___ Task inputs
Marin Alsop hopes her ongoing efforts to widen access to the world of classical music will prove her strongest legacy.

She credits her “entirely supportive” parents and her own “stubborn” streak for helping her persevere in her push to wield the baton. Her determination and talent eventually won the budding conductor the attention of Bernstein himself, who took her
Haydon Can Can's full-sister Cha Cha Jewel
______
___ Task inputs
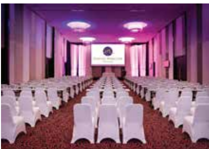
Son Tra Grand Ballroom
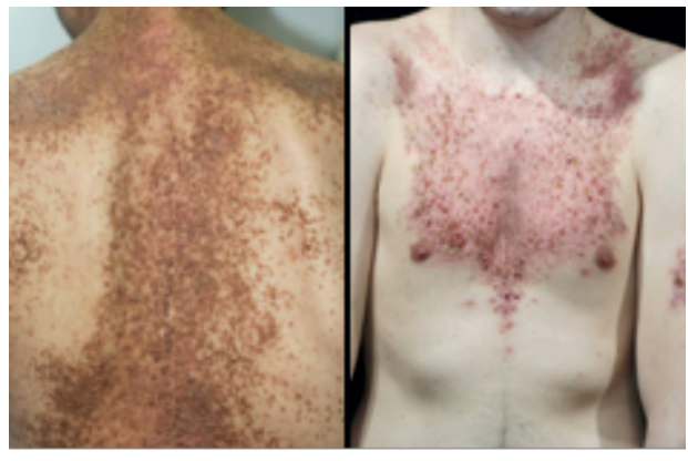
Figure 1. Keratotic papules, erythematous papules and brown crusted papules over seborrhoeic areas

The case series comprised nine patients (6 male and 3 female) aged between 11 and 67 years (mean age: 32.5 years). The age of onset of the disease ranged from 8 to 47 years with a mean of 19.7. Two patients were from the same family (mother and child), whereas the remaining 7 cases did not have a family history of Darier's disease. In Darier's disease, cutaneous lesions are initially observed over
______
Task brief: Only the lines above starting with the one with "Marin Alsop hopes" and going through the one with "Haydon Can Can's full-sister Cha Cha Jewel" are to be copied, word for word and with both ends kept.

Solution to this exercise:
Marin Alsop hopes her ongoing efforts to widen access to the world of classical music will prove her strongest legacy.

She credits her “entirely supportive” parents and her own “stubborn” streak for helping her persevere in her push to wield the baton. Her determination and talent eventually won the budding conductor the attention of Bernstein himself, who took her
Haydon Can Can's full-sister Cha Cha Jewel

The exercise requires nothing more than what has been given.